# Gotta new position.. so I treated myself.. unintentionally.



## ClaireAvril (Nov 22, 2008)

oh MAC you're killing me

So I went to PATH MAC.. this store opens at 730 in the morning!!  I can't believe i can get my fix so early.. fabulous.












so i got

New York Apple l/s
Forged Rose metal x e/s
Cranberry e/s
Rougemarie nail laquer

tasty

c


----------



## AimeeL (Nov 22, 2008)

oooh all the reds and pinks, yummy!


----------



## kathweezy (Nov 22, 2008)

congratulation with ur new position.


----------



## TISH1124 (Nov 22, 2008)

Congrats on the position and the haul!! Great stuff!!


----------



## xmizlynnax (Nov 22, 2008)

great haul!! i just did a look with cranberry & forged rose it's so pretty!! 

congrats!


----------



## MacAddict_Sami (Nov 22, 2008)

I know!!! I couldn't believe that they're opened that early!!! Congrads on the new position!!! Have fun with your new goodies!!!


----------



## ClaireAvril (Nov 23, 2008)

Quote:

   Originally Posted by *xmizlynnax* 

 
_great haul!! i just did a look with cranberry & forged rose it's so pretty!! 

congrats!_

 
thanks!
ooo nice.. i need to get some ideas with cranberry.. 
had it a while ago.. didn't really use it then it spontaneously exploded in my makeup bag.  I swatched it again and had to have it.

hope you put your look online?!?!?

C


----------



## dictator (Nov 23, 2008)

gorgeous! can't wait to see what you do with these items~.


----------



## joyca (Nov 23, 2008)

great haul! love pinks


----------



## hooked*on*mac (Nov 23, 2008)

great haul!
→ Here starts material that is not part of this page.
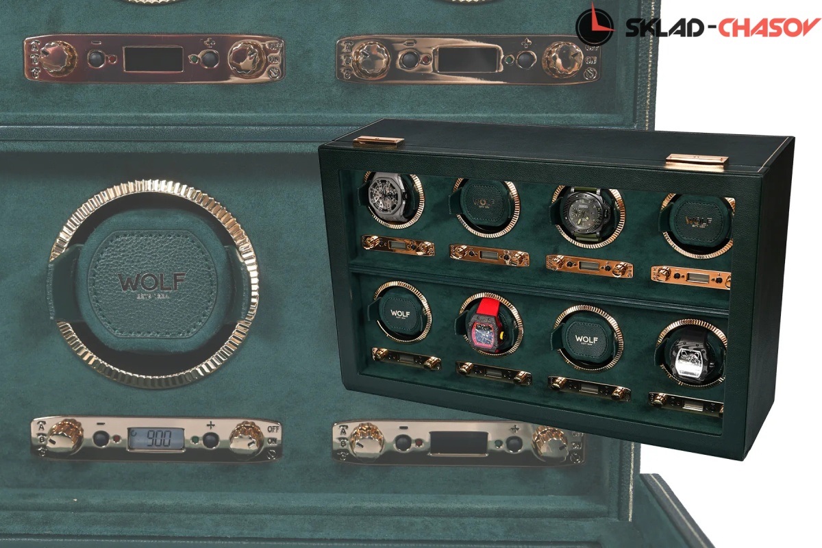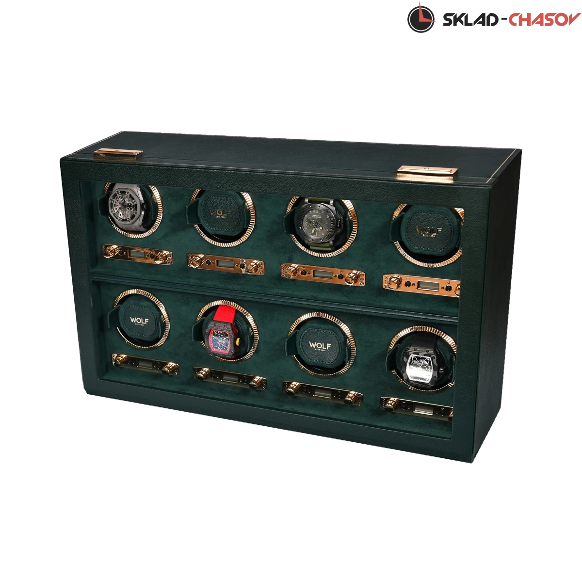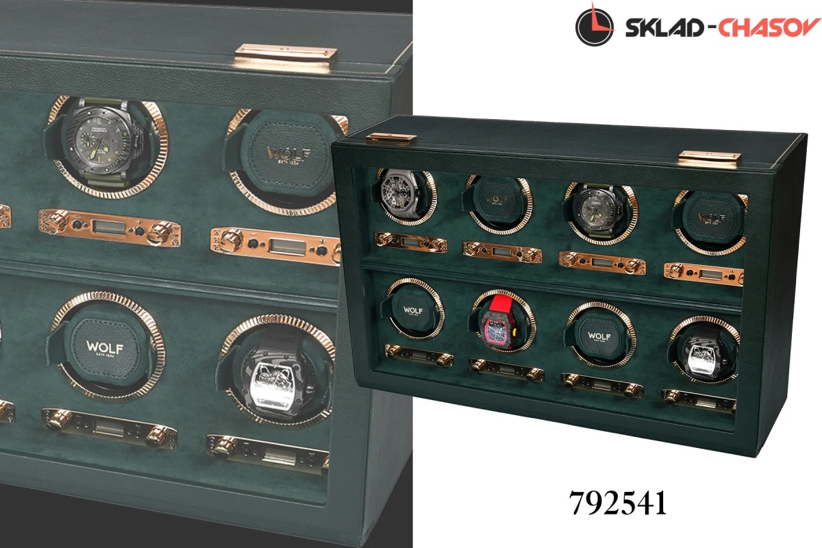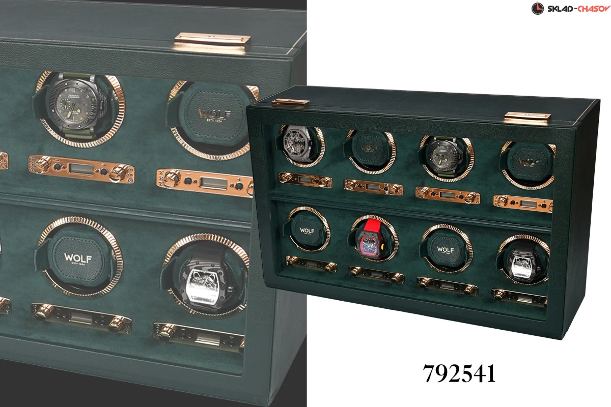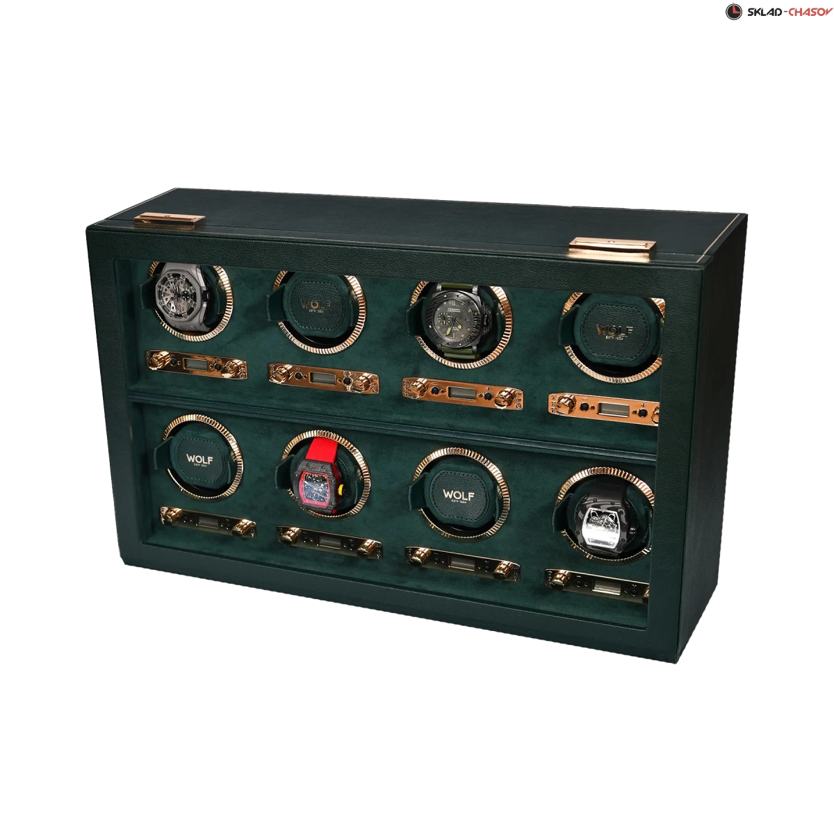 Мало найдется цветов, столь же изысканных и неповторимых, как глубокий, роскошный оттенок British Racing Green. Благодаря элегантному спортивному стилю и гоночному наследию, объединяющими таких знаменитостей как Стирлинг Мосс, Джим Кларк и Грэм Хилл с легендарными брендами Bentley, Jaguar, Lotus и Aston Martin, темно-зеленый оттенок неразрывно связан с роскошью и британским спортивным совершенством. Вполне естественно, что классический британский бренд WOLF использовал этот триумфальный цвет в собственной премиальной коллекции шкатулок для автоматического завода и хранения часов. Каждое изделие из коллекции WOLF British Racing Green изготавливается из мягкой эластичной экокожи с фактурной поверхностью, отличается отделкой высшего класса и повышенным вниманием к деталям, отражает суть гоночного наследия. Виндеры WOLF British Racing Green выпускаются в разных модификациях в зависимости от количества заводимых часов: 1, 2, 3, 6 и 8, сочетают классический роскошный внешний вид с уникальными техническими инновациями. Верхняя поверхность шкатулки отделаны классическими панелями, напоминающими раритетные упаковки для механических часов середины ХХ века, и украшены тонкой полоской из золотой фольги ручной работы. Внутренние поверхности устланы зеленой алькантарой цвета British Racing. Фурнитура выполнена из золотого металла для создания благородного классического эффекта, включая блестяще отполированные рамки с рифленым дизайном в винтажном стиле. Помимо внешнего вида, каждая из этих шкатулок оснащена ультрасовременным мотором для обеспечения бесперебойной и надежной работы. Запатентованный счетчик подзавода WOLF отслеживает точное количество оборотов, выполняемых в день, в то время как все другие виндеры, представленные на рынке, просто оценивают эту цифру. Это точное количество оборотов может быть установлено пользователем вручную в диапазоне от 300 до 1200 оборотов в день по часовой стрелке, против часовой стрелки или в двунаправленном режиме. Настраиваемая настройка позволяет владельцам индивидуально настраивать программу подзавода в соответствии с запасом хода каждой отдельной пары часов, при этом настройки программы варьируются от 6 до 72 часов запаса хода, что позволяет часам высвобождать накопленную энергию до начала программы подзавода. Для обеспечения абсолютной безопасности во время программы заводки запатентованная фиксирующая манжета WOLF надежно фиксирует часы практически любого размера во вращающемся барабане с помощью пены низкой плотности, оказывающее минимальное давление на часы. Каждое изделие из серии WOLF British Racing Green скрывает дополнительную секцию под обшитой панелями крышкой, обеспечивая незаметное и надежное место для хранения наручных часов, ремешков и мелких ценностей. Сделанный вручную, British Racing сочетает в себе зеленый цвет международных автогонок британских автомобилей, участвовавших в гонках в Ирландии в начале 1900-х годов, с революционной четырехугольной панельной крышкой. Тонкая работа включает в себя линии золотой фольги вручную на веганской зернистой коже. Золотые фурнитуры, удобные петли и рифленый безель. BRG, еще один дизайн, впервые разработанный компанией Wolf. Шкатулка удобна в использовании так есть дополнительное хранения часов , закрывается на ключик.
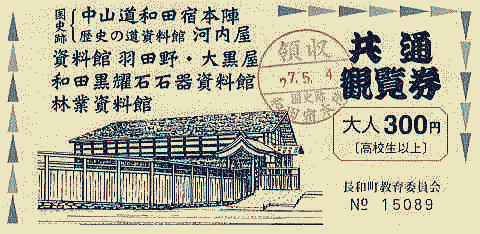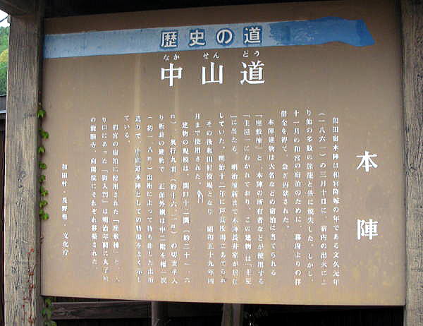◆和田宿本陣 下の地図では、左側の十字路の一角にA和田宿本陣があります。 ![]() 出典:中山道和田宿 長和町教育委員会、長和町産業振興課 信定寺の前の道を美ヶ原方向と反対側に少し歩くと、十字路があり、その一角に和田宿の本陣がありました。 ![]() 出典:歴史の道「中山道」資料館 下は中山道和田宿町並まっぷにおける本陣です。真ん中より右にあります。 ![]() 出典:歴史の道「中山道」資料館 ◆和田宿本陣の概要 和田宿の本陣は、文久元年(1861年)に火災により焼失しましたが、数ヶ月後に皇女和宮が京都から江戸に向かう途中の宿泊地とすることが決定していたため急遽再建されました。 明治維新後に宿場制度が廃止となり本陣の役割が亡くなると座敷棟などは龍願寺(上田市丸子)へ移築され居室棟は役場や農協事務所として使用されました。 昭和59年に旧和田村役場庁舎の移転に伴い解体される予定でしたが、中山道の宿場町の中で数少ない本陣の遺構のひとつとして評価され平成元年に復元、国指定史蹟に指定されています。 ![]() 出典:中山道和田宿 長和町教育委員会、長和町産業振興課 下は和田宿本陣の門です。背後には山が迫っていることが分かります。 ![]() 和田宿本陣の門 撮影:青山貞一 Nikon Coolpix S8 2015-5-4 下は和田宿本陣の庭にあった歴史の道、中山道 本陣の解説です。 ![]() 和田宿本陣の庭にあった歴史の道、中山道 本陣の解説 撮影:青山貞一 Nikon Coolpix S8 2015-5-4 下の写真は十字路の一角にある和田宿の本陣です。 ![]() 和田宿本陣(長野県長和町)前の池田こみち 撮影:青山貞一 Nikon Coolpix S8 2015-5-4 ![]() 和田宿本陣(長野県長和町)の門より本陣を撮影 撮影:青山貞一 Nikon Coolpix S8 2015-5-4 ![]() 和田宿本陣(長野県長和町)の門より本陣を撮影 撮影:池田こみち Nikon Coolpix S6400 2015-5-4 早速、門をくぐり庭に入ります。 下は国の史蹟でもあります和田宿本陣はじめ歴史の道資料館河内屋、資料館羽田野・大黒屋などの共通観覧券です。 ![]() 出典:中山道和田宿 長和町教育委員会、長和町産業振興課 撮影:青山貞一 Nikon Coolpix S8 2015-5-4 和田宿の本陣を紹介するに際し、有名な皇女和宮の何たるかをお伝えしないわけには行きません。

Enjoy =)


----------



## SiCiLyGiRl (Nov 24, 2008)

nice haul, enjoy it


----------



## joshari (Dec 9, 2008)

Nice Haul.  You went to the one by Royal Bank Plaza/TD Centre etc.?  I never knew it opened so early.  I will have to go there as I am in the office so early it is not even funny.  Nothing like starting off the day with new MAC purchases.

Enjoy!


----------



## pinklips1207 (Dec 9, 2008)

nice haul! and congratulations!!!


----------



## NewlyMACd (Dec 9, 2008)

That l/s looks so rich and pretty.


----------